Institutions that lend to African countries are teaming up to stop the continent’s debt problems from turning into messy public battles. The Alliance of African Multilateral Financial Institutions, popularly known as the “Africa Club,” has developed a new initiative to detect financial trouble in African countries before it spirals out of control. This proactive system is designed to avoid the chaotic, long-running debt restructurings recently seen in Ghana and Zambia, which resulted in years of legal disputes, credit rating downgrades, and heated arbitration.
The move comes at a time of high tension between African lenders and global credit agencies. Recently, the Cairo-based Afreximbank saw its credit rating cut to “junk” status by Fitch Ratings, a move triggered by the bank’s involvement in Ghana’s debt revamp. While African lenders often argue they should be treated as “preferred creditors”—exempt from taking losses like the World Bank, international agencies and the IMF have disagreed, especially when those banks have private shareholders. This disagreement has led to significant market volatility, causing the value of African bank bonds to plunge as investors fear future losses.

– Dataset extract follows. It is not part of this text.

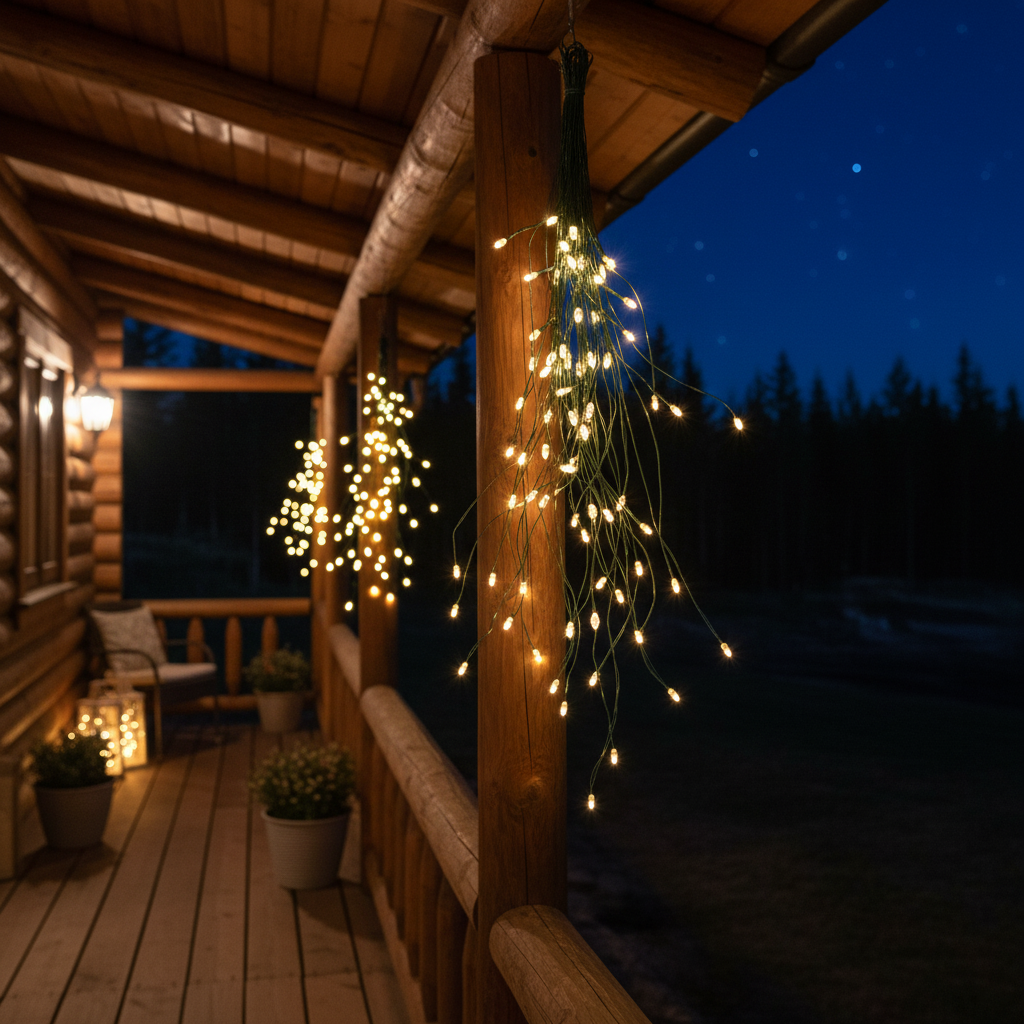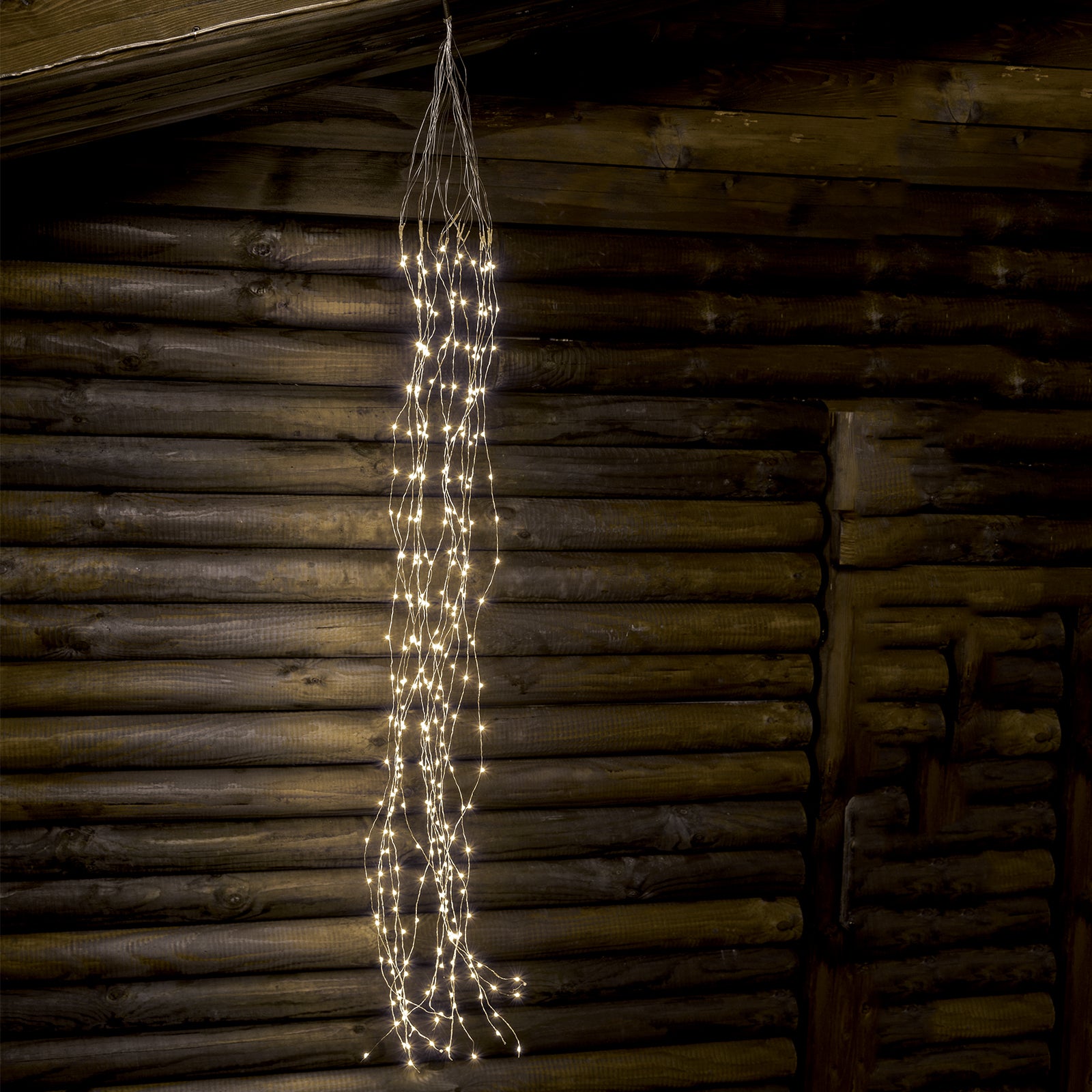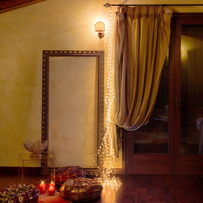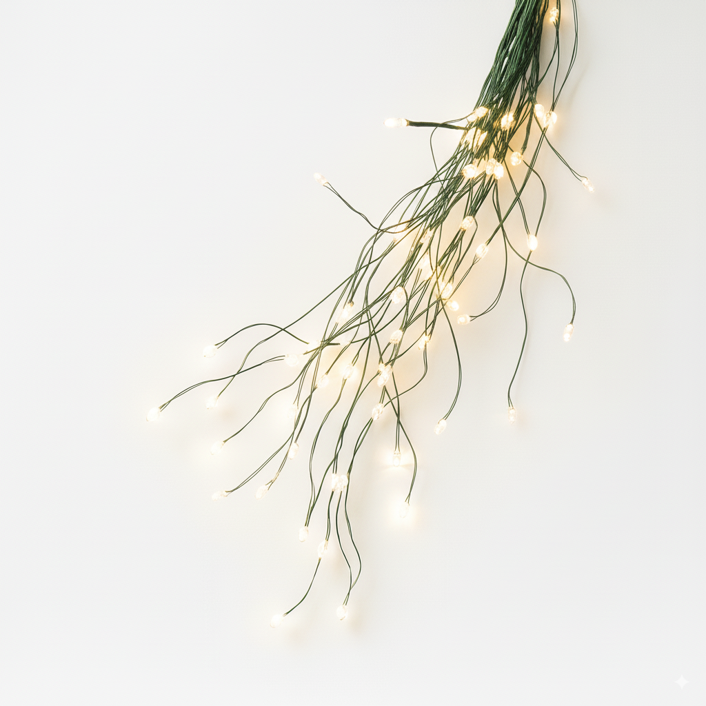 La cascata di luci è pensata per decorazioni interne di pareti, davanzali interni, scaffali. Ideale a Natale ma anche per allestire luoghi chiusi in modo scenografico in occasione di matrimoni o feste estive.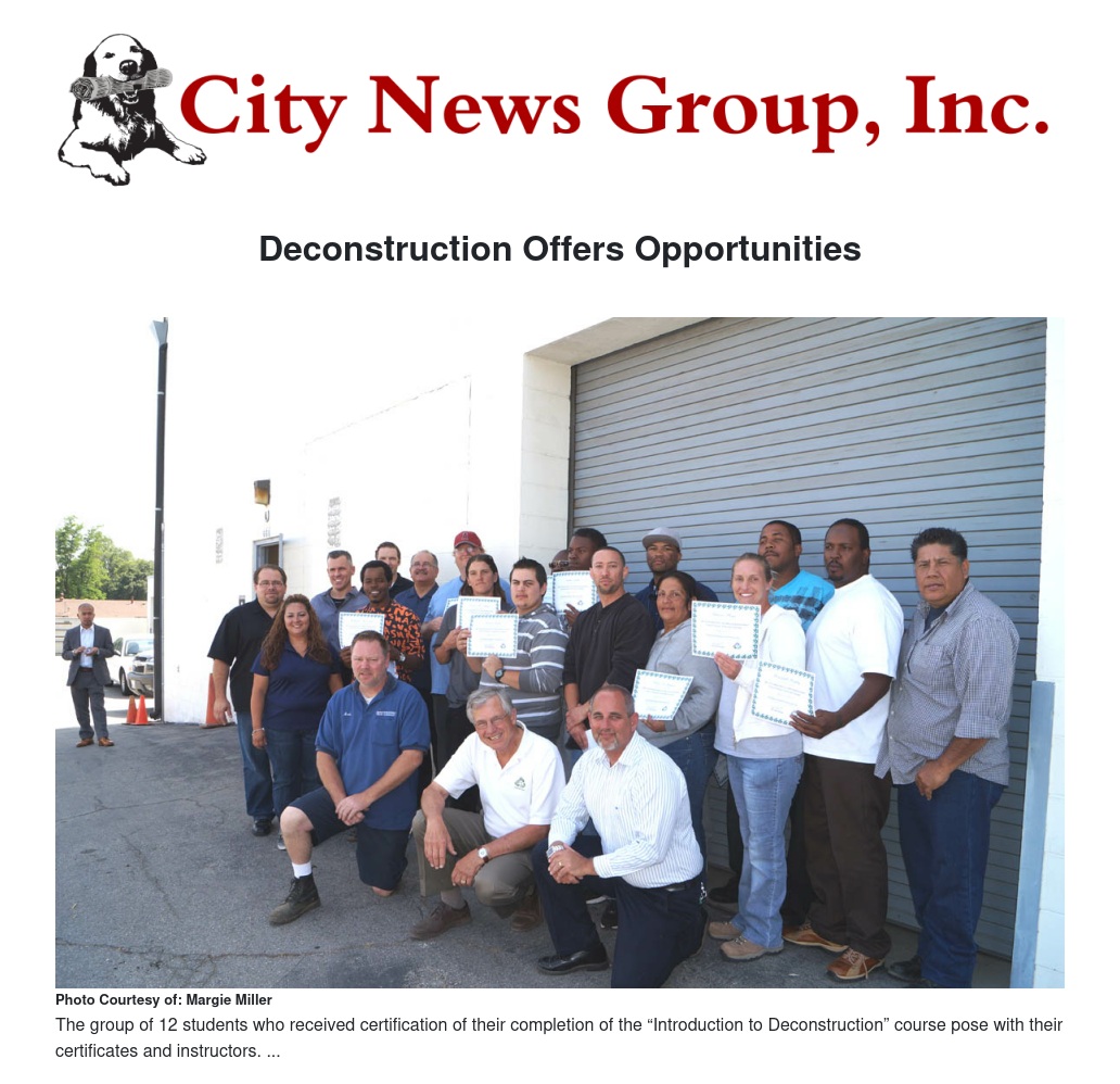 Applicants from various walks of life were accepted into the program, which certifies students on building deconstruction, an environmentally-friendly alternative to demolition in which trained deconstruction crews deconstruct buildings to salvage reusable materials, ultimately diverting the materials away from placement into local landfills. These materials often include doors, windows, cabinets, lighting and plumbing fixtures, framing lumber, roofing materials and floorings.

The new early-warning network focuses on identifying “distress signals” early enough to provide collective support to a country. By intervening before a total default occurs, the Africa Club hopes to create financial instruments that stabilize a nation’s economy, thereby avoiding the public disputes and “disorderly” negotiations that have previously damaged the continent’s credit reputation.
Samaila Zubairu, Chairman of the Africa Club, emphasized that these relationships are deep and long-term, and the goal is to find ways to resolve stress without exacerbating an already tense global financial situation.